Золотой мираж - Майкл Джудит. Страница 75
— Не так уж млого. О, как хорошо пошел у нас кукурузный хлеб, у меня есть еще…
— Нет, не надо, — твердо сказала Джина. — Давай, Ханна, брось это. Разве он жулик? Или грабит богатых и раздает все бедным? Или он охотится за стариками и уговаривает их… Извини. Не то сказала. Расскажи нам что-нибудь о нем. Сколько ему лет?
— Он говорит сорок восемь, но мне кажется, что, ближе к сорока. — Ханна сидела очень прямо, гордо подняв голову, как будто накапливая достоинство в качестве оплота перед тем, что они могут сказать, и даже, подумала Клер, перед своими собственными сомнениями. — Важнее всего то, что он блестящий поэт и учитель, его ученики его любят…
— А где он преподает? — спросила Роз.
— В Нью-Йоркском Университете. Он преподает американскую и английскую литературу и поэзию, но говорит, что вся эта деятельность вроде сироты современной школьной системы и надо обращать на нее больше внимания. Он говорит, что в нашу эпоху поклонения технологии, нам нужно место, где будут обучать поэзии и объяснять людям, насколько мы все не в себе. Вместо того, чтобы восхищаться факсами, говорит он, мы должны восхищаться Вордсвортом, и Элиотом, и Дереком Уолсоттом. И, должна сказать, мне это кажется справедливым — я никогда не испытывала необходимость в факсе, но красота поэзии мне всегда была в жизни нужна.
— Итак, он хочет, чтобы было место, где учат поэзии, — сказала Джина, — и что это за место?
— Вот, это-то и есть самое волнующее. Он собирается построить Центр Поэзии Икситера, убежище для поэтов, где они смогут писать, проводить семинары, чтения и конференции.

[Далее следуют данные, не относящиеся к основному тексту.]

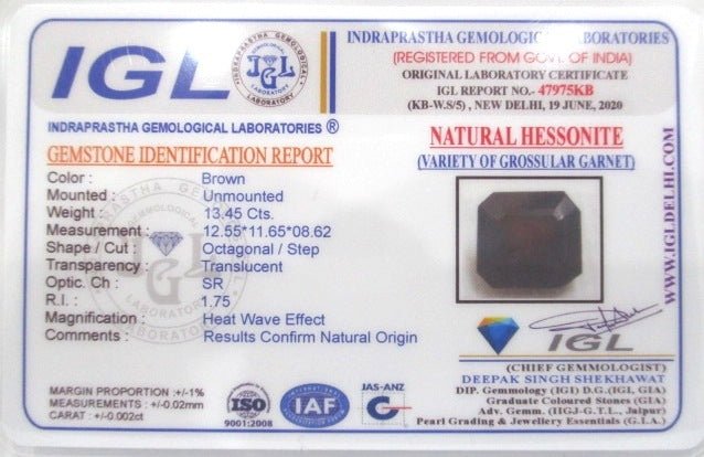 Title: 13.45 Carat (15 Ratti) Natural Ceylon Octagonal Hessonite (Gomed) Gemstone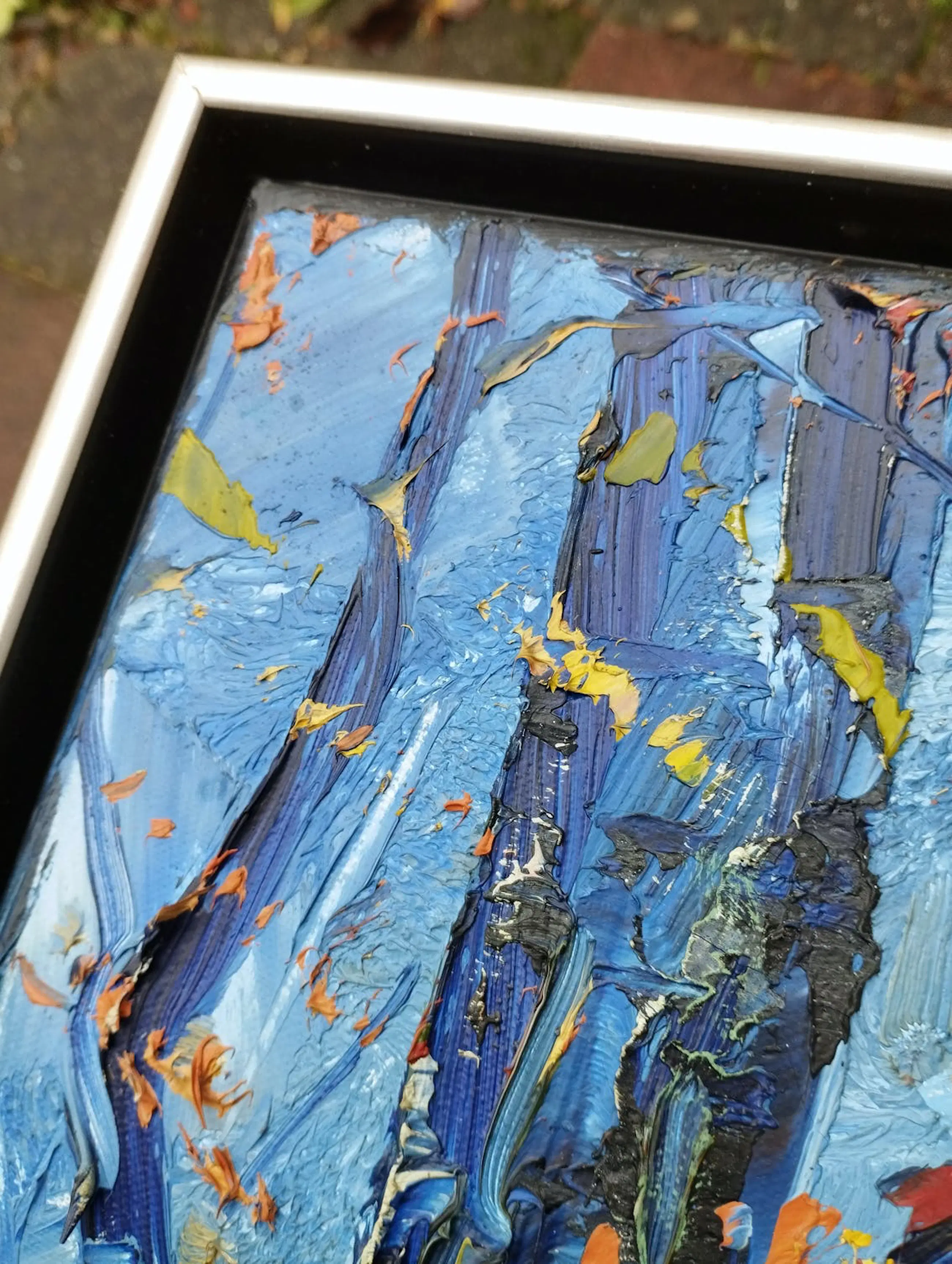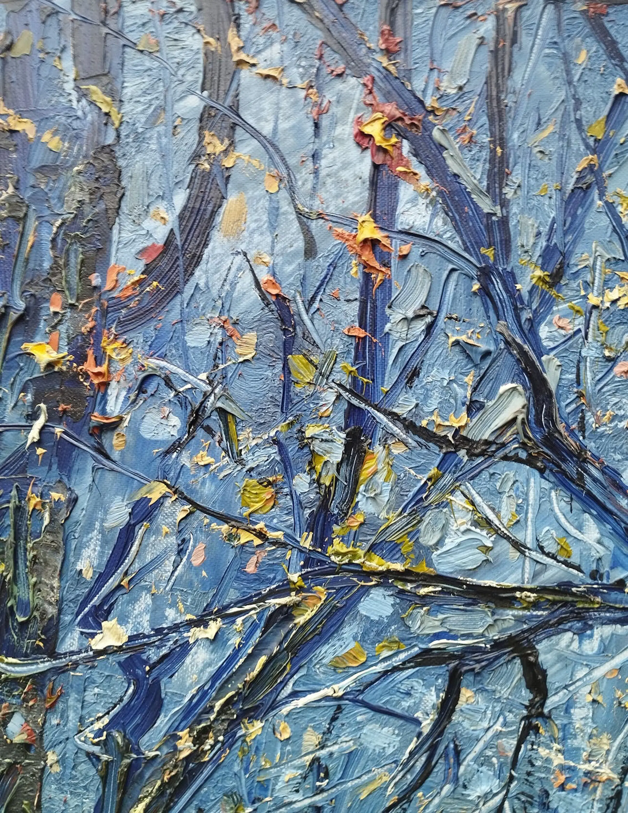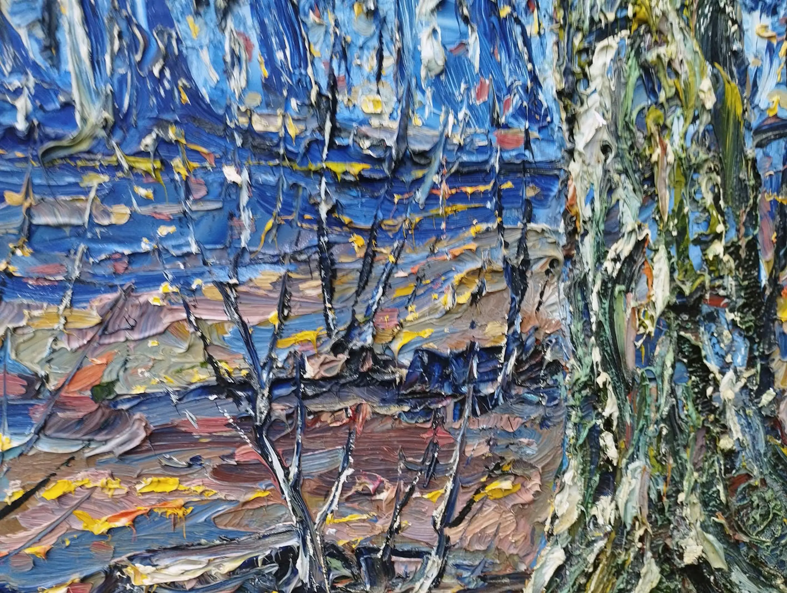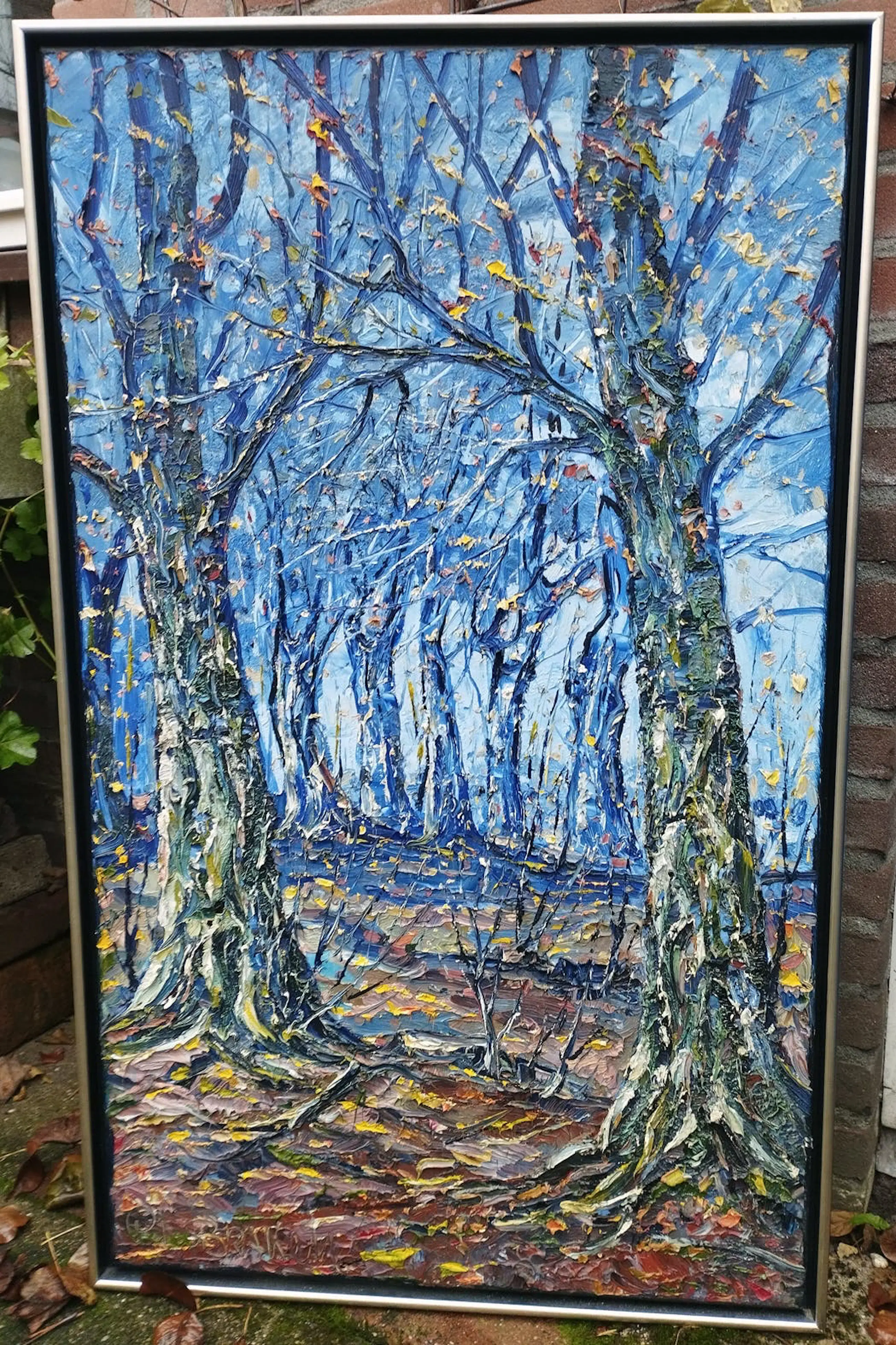 Figuratief, pasteus expressionistisch olieverfschilderij van de Brabantse kunstenaar Peter van den Braken met een voorstelling van een bomenrij tegen een staalblauwe winterlucht. De uitvoering ademt de sfeer van zijn geliefde kunstenaar en streekgenoot Vincent van Gogh. Het werk is linksonder gesigneerd en gekrast in de nog verse olieverf, in stijlvolle baklijst en als geheel in zeer goede staat.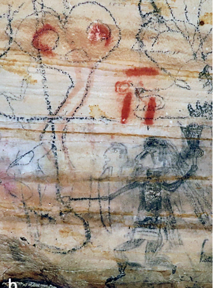 Though a Sirian of a higher mammalian class of whale, or even dog brain, she functions more as a cold blooded reptilian like the Anunnaki troops from Pleiades she leads in battle at the EVE rock art sites as I discuss in other posts. At Picture Cave she is even depicted in purple with her right hand a hissing serpent! Where experts see a turkey shoot, elk hunt, solar calendar, etc I see the same story of a white EVE attacked by Sirian and Pleiadean at both Finger Lakes sites as well as in central Canada and Panama.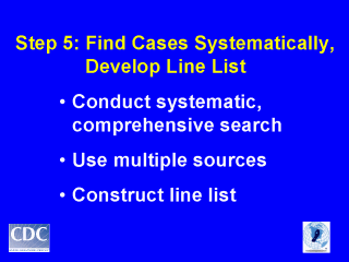 Be systematic and comprehensive in case finding. Case finding is not only to identify cases for a case-control or other analytic study, but to determine the extent of the outbreak (who is affected? are there milder cases than those that might have been the first to be reported? what is the geographic extent?)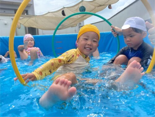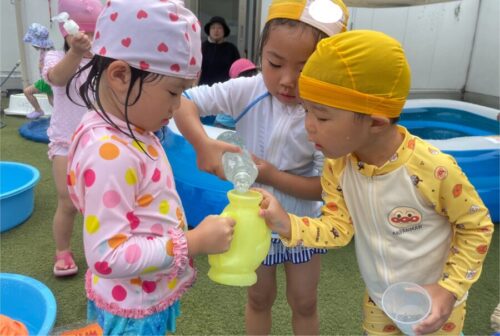 水遊びでは友だちと一緒に水を貯めたり、金魚を使って金魚すくいをしたりと好きな遊びを楽しんでいましたよ![]()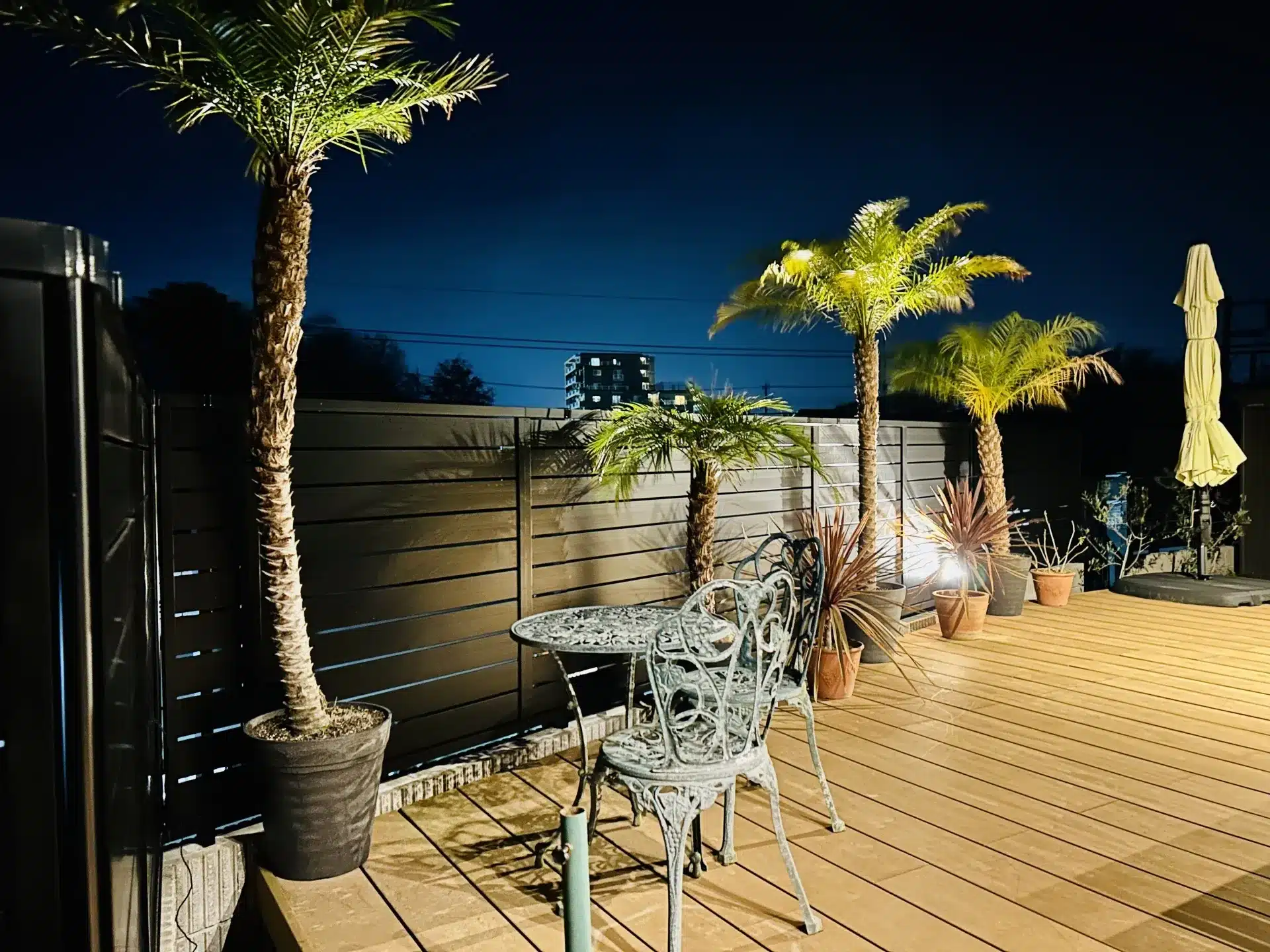 ウッド調家具を取り入れる際は、床材(ウッドデッキ)と同化しないように注意が必要です。デッキが木製なら家具はラタンやアイアンにする、あるいはデッキの上にラグを敷いてゾーニングするなど、素材のコントラストをつけることで、家具の存在感が際立ちます。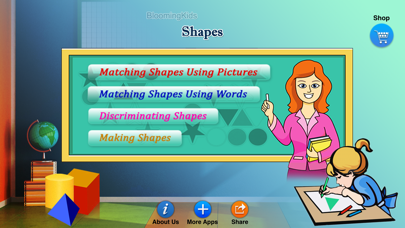 This program uses shape names and pictures to help the student to learn listening, identifying, and naming skills. There are 4 sub-programs. 1. Matching Shapes Using Pictures Here a shape is shown at the top of the screen. The student is asked to click on the matching shape shown among others at the bottom of the screen. 2. Matching Shapes Using Words This program runs like “Matching Shapes Using Pictures,” but instead of pictures, words that name the shapes are used. The student is required to click on the correct word which represents the shape shown at the top of the screen. 3. Discriminating Shapes The student is asked to find and click on the correct shape as shown on the screen. 4.Making Shapes An incomplete shape appears at the top of the screen. The program asks the student to complete the shape. The student chooses the correct piece from underneath the incomplete shape to add to the incomplete shape to make the complete shape. Settings Level 1 One shape appears at the top of the screen. One shape is shown at the bottom of the screen to be matched with the one at the top, without any distracter. Level 2 Two pictures are shown at the bottom of the screen to be matched with the one at the top of the screen. Level 3 This level is selected by default. Three pictures are shown at the bottom of the screen to be matched with the one at the top of the screen. Shape Type Filled The shapes shown on the screen are filled when this option is selected. Unfilled The shapes on the screen are empty. The outlines of the shapes are in black. The color options, “Same Color” and “Different Color”, are disabled when “Unfilled” is selected. Same Color The shapes shown on the screen are all in the same color. When shape type “Unfilled” is selected, this option is disabled. Different Color The shapes shown on the screen are all in different colors. When shape type “Unfilled” is selected, this option is disabled. Shape Type Filled The shapes shown on the screen are filled when this option is selected. Unfilled The outlines of the shapes are in black. The color options, Same Color Shapes shown on the screen are all in the same color. Different Color When this is selected, the shapes shown on the screen are all in different colors. Command Text A short command text is visible at the bottom of the screen. User Defined This feature allows the teacher/parent to customize the screen by selecting particular matching shapes and distracters and choosing their locations on the screen. Prompt If the student fails to match the correct shape within ten seconds, the program guides him/her to the correct shape. Prompt with Blink If the correct shape picture is not chosen after ten seconds, it blinks. Prompt with Label The names of the shapes appear below the pictures. Congratulatory Animation Clicking the correct shape invites a congratulatory animation. Selection Click on this check box to select or deselect the shapes. Select All Check this box to select all shapes. Uncheck to deselect. Training This program uses colors to train listening and matching skills. Test Here, the student can test him/herself. Report This displays results of the “Test”. The report (Holds Only 20 Records). Grade On/Off: If it is on, app will monitor correct and wrong responses by the student Correct Answer: When a student response to a question with correct answer Wrong Answer: When a student response to a question with wrong answer Number of Total Attempt: Number of times a student tried to answer questions in the app. Bar Chart: Represents the student's performance graphically. Detail Report: Test results including the grade. object identified, distracter and time taken to finish the test. Print: This will print the grade or data on the screen. Clear Data: This button erase all the data that was stored and free up the memory that data was occupying.

— А на что он собирается его строить? — резко спросила Роз.
— О, у него есть деньги. Или почти так. Один человек обещал ему, что даст все что нужно и он нашел здание! — старый особняк рядом с университетом, и как только он получит деньги, то начнет его перестраивать.
— А кто этот «один человек»? — спросила Роз.
— Очень богатый человек, который любит поэзию и верит во взгляды Форреста.
Джина подняла голову:
— А этот человек — женщина?. — Да.
— Женщина старше пятидесяти?
— Да.
— Шестидесяти? Семидесяти? Восьмидесяти?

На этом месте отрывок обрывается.